• EXERCISE:
Transcribe every line below exactly; no image goes into the output.

• DATASET EXCERPT:
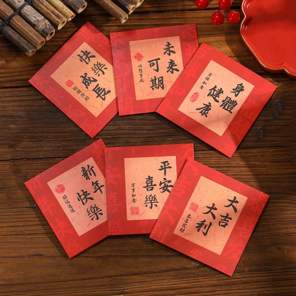 12pcs/set Chinese Style Mini Red Envelopes Calligraphy Money Envelopes Red Pocket New Year Gift
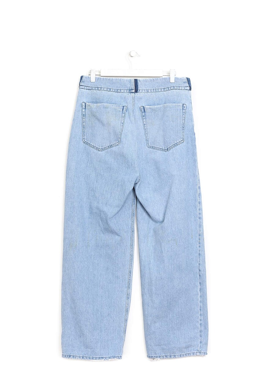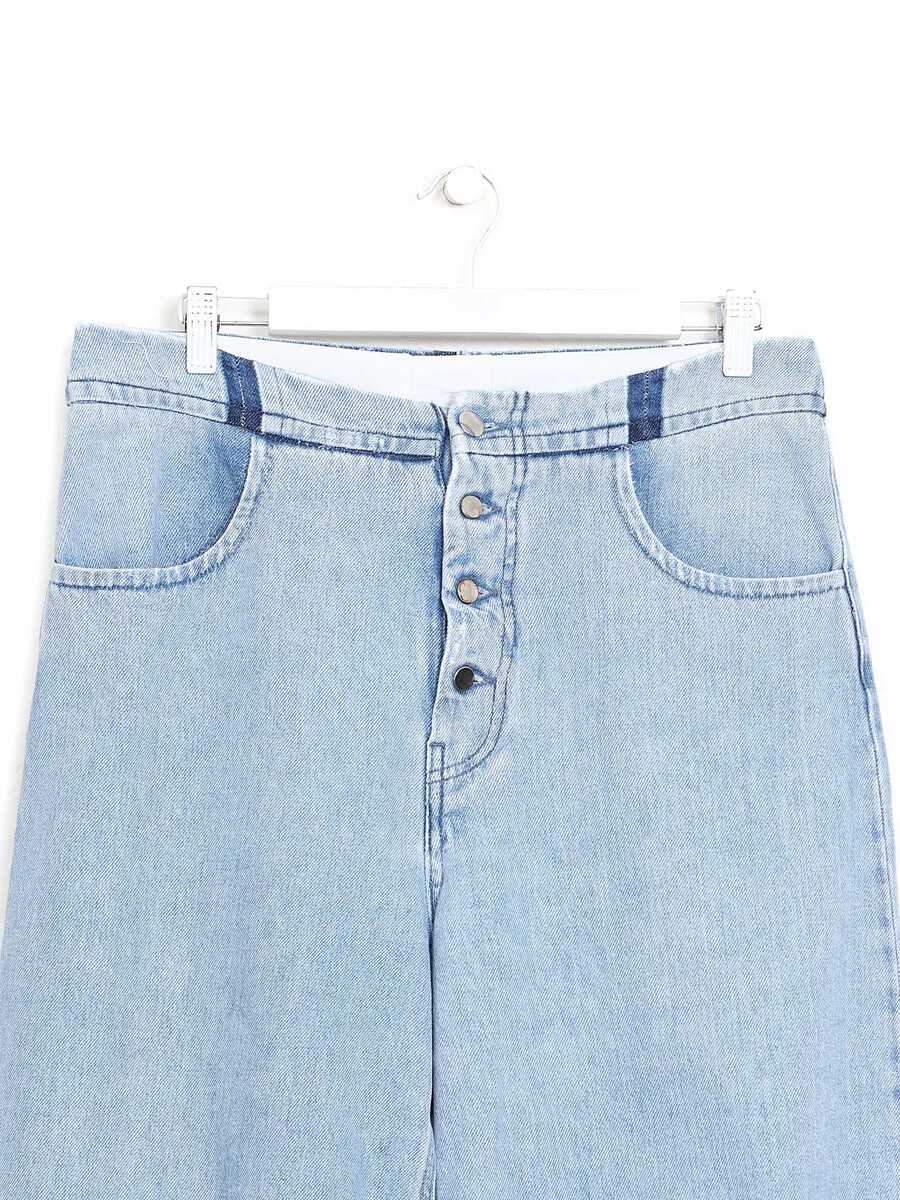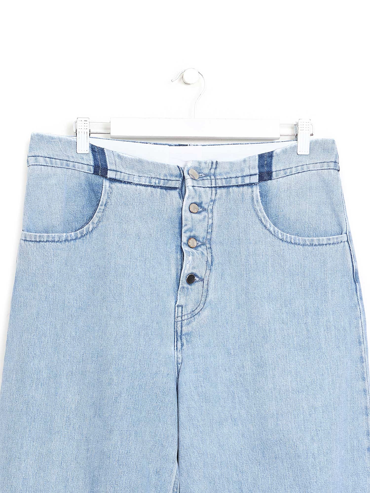 Jean écourté en denim bleu pâle avec boutonnière. Poches plaquées à l’arrière et poches latérales à l’avant.
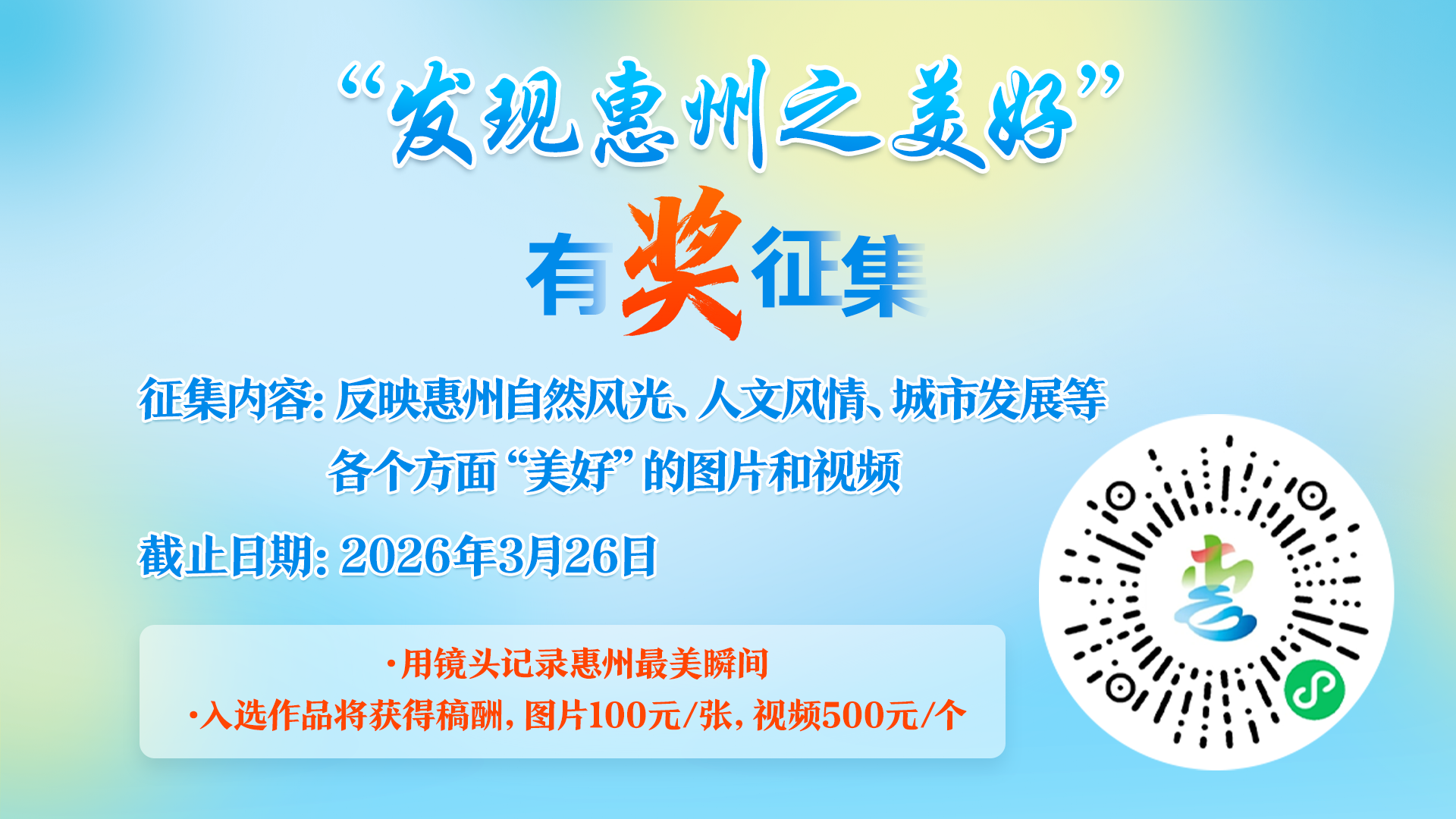 • 現(xiàn)金獎勵!全民有獎征集,發(fā)現(xiàn)惠州之美好!

• ANSWER:
 12pcs/set Chinese Style Mini Red Envelopes Calligraphy Money Envelopes Red Pocket New Year Gift
 Jean écourté en denim bleu pâle avec boutonnière. Poches plaquées à l’arrière et poches latérales à l’avant.
 • 現(xiàn)金獎勵!全民有獎征集,發(fā)現(xiàn)惠州之美好!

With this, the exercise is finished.